Of course, the above example only uses 11 different words in the entire, readable text (i.e. that text which is normally displayed in a web browser), so manually removing any words that may not be wanted in a meta tag or index is no problem. But, in "real" files, a text may use more than a thousand different words and having to remove such words as "and", "my", "the", etc. would be a nuisance, so the HTMLStripper also has an integrated filter. This filter is invoked simply by providing a plain text list of the words to ignore/suppress in the generated word lists. If it is omitted, the HTMLStripper will list all words, otherwise only those that are not listed in the provided list.

In the former case (i.e. without a filter), the comma separated list that will be generated for the above example is


      Word, Occurrences

      Example, 2

      File, 1

      Hello, 1

      HTML, 1

      HTMLStripper, 1

      Software, 1

      Source, 1

      SST, 1

      Stoelzel, 1

      Tech, 1

      World, 1

Various, other HTMLStripper features then make it a simple task to produce both, a Microsoft Compiled Help .hhk index file and/or a keyword meta tag, from this data.
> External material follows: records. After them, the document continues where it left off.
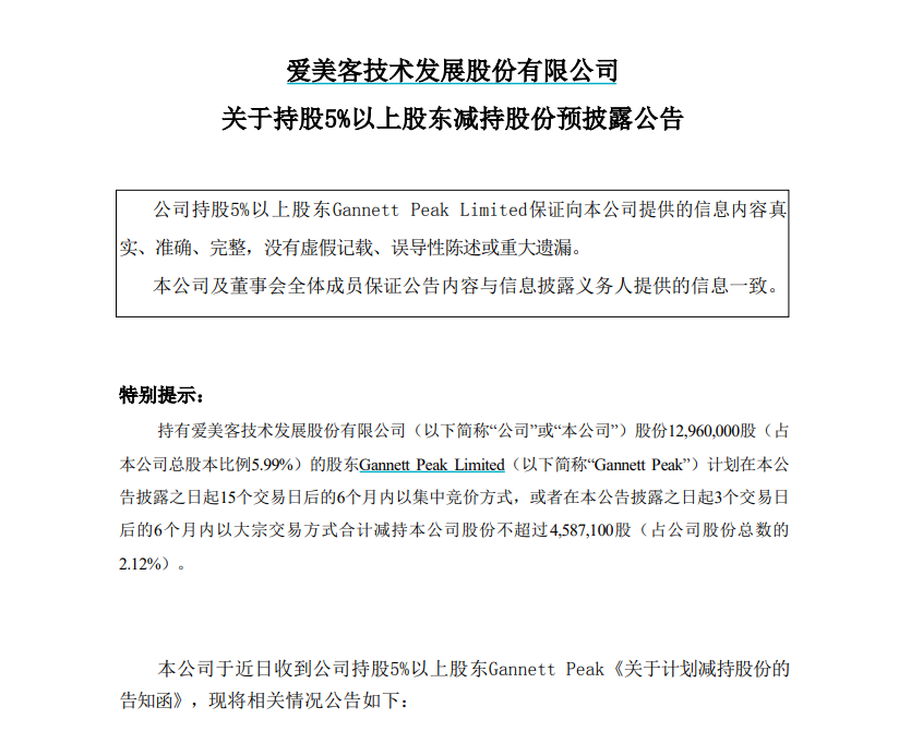 10月8日,愛美客發布持股5%以上股東擬減持公告,公告顯示, 持有愛美客1296萬股(占公司總股本比例為5.99%)的股東Gannett Peak Limited計劃在公告披露之日起15個交易日后的6個月內以集中競價方式,或者在公告披露之日起3個交易日后的6個月內以大宗交易方式合計減持公司股份不超過約458.7萬股(占公司股份總數的2.12%)。若按照當日股價計算,這部分總額超過27億人民幣。
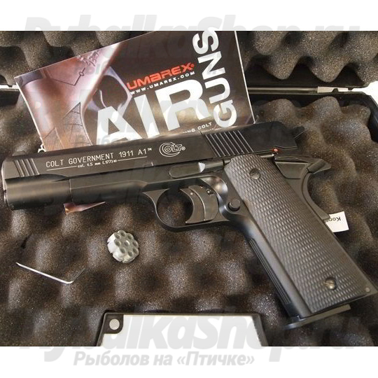 Пневматическая модель пистолета Umarex Colt Government 1911 A1 выпущена в Германии, это лицензионная копия всемирно легендарного Colt Government Model 1911A1, пришедшего на смену Colt М1911 и выпускавшегося с 1924. Colt М1911A1 был стандартным пистолетом армии США до 1985, затем на смену пришла Beretta M-92FS.
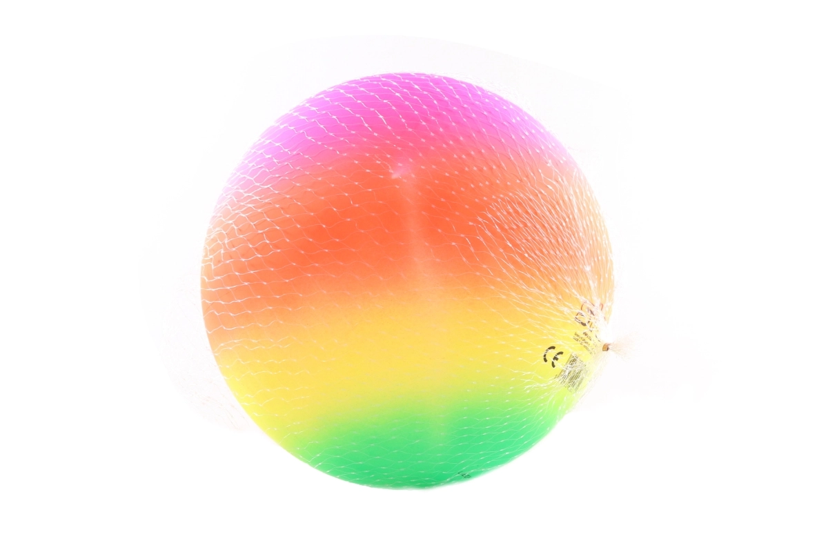 Απολαύστε παιχνίδι με την πολύχρωμη μπάλα σε αποχρώσεις ουράνιου τόξου με διάμετρο 23 cm. Είναι ελαφριά, εύκολη στο κράτημα και ιδανική για παιχνίδια στον κήπο και στην παραλία. Κατάλληλη για παιδιά από 3 ετών, συσκευασμένη σε δίχτυ και παραδίδεται ξεφουσκωμένη για εύκολη μεταφορά.
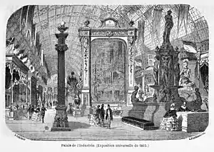 O Palais de l'Industrie dava acesso por uma rotunda, dita do "Panorama",[7] à famosa galeria anexa, chamada de "Galeria das Máquinas", uma imensa galeria de 1 200 metros de comprimento por 17 de altura, correndo ao longo do cais do Sena.
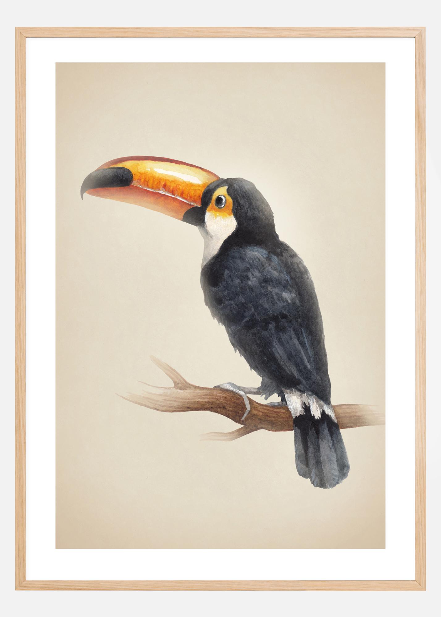 Uroczy plakat portretowy z dużodziobym tukanym. Ten obraz ptaka ma jaskrawożółty dziób, który wyróżnia się na szarym tle. Z lekko odwróconymi plecami, ten ptak błyszczy swoimi błyszczącymi czarnymi piórami na tym prostym obrazie. Połącz z innym plakatem z tropikalnymi ptakami, aby stworzyć idealny zestaw.

For further information on how this is achieved, please refer to the Preliminary User Guide or simply watch the following 20 minute video.

Demo Video 1

In some cases it may be desirable or necessary to play the above video in an external application (i.e. in application other than the browser). You can do so
by clicking on the download button to the right of this text.

Known Issues

•	The current version may only produce faultless output files if the source/input file is an ANSI encoded file.
•	Automatic conversion of the input file from UTF-8 or other character sets to ANSI (or in future, Unicode) has not been implemented yet. This means that to reliably process an input file that is not encoded in an ANSI character set, it may be necessary to convert it manually into an ANSI encoded file first. This has to be performed in a third party application, for example, Notepad (aka the Windows Editor).
•	The entire user interface is still one, big, construction site.
•	The "Delete" Menu Item and Tool Bar Button will only delete the items in the Distinct Words and Keywords List Views, but not the text in other controls. Nonetheless, any text marked/highlighted as selected can be deleted in all controls by pressing the "Del" key on the keyboard.
•	The standard, Windows keyboard shortcuts Ctrl + C and Ctrl + V cannot be used to copy and insert text from and into the HTML Source File Combo Box.
•	To open the URL specified in the HTML Source File Combo Box in the integrated browser, the Open URL Menu Item in the View Menu or the corresponding button in the Button Tool Bar has to be used.
•	The integrated browser is not a current (i.e. year 2023) generation browser. Many pages, of websites that do not support older generation browsers, will not be displayed correctly and/or lead to numerous JavaScript errors.
•	The HTML/XML page that is open in the integrated browser can only be saved by means of the Save As Menu Item or Tool Bar Button.
•	When saving the HTML page in the integrated browser to disk, only the HTML source code, but no images, scripts, or style sheets, etc. are saved with it. Although this suffices to subsequently process the thus saved page/file, it will obviously not be displayed correctly in a browser.
•	The application can be closed without any warning/notification that one or more modified files haven't been saved.
•	The number of references/links in the "Num. Link Targets" column of the Keywords List View are not updated.
•	The offsets of the logged tag positions aren't correct.
•	and, presumably many more we haven't found yet or simply omitted in this list.

Footnotes

*1	... or TagStripper, or TagBuster, or ? We haven't decided on a final product name yet and you are welcome to make suggestions.
*2	Actually, the Hyper Text Markup Language (HTML) is a Extensible Markup Language (XML) implementation, and therefore a sub-set of XML. So, strictly speaking, the HTMLStripper is really a XML stripper.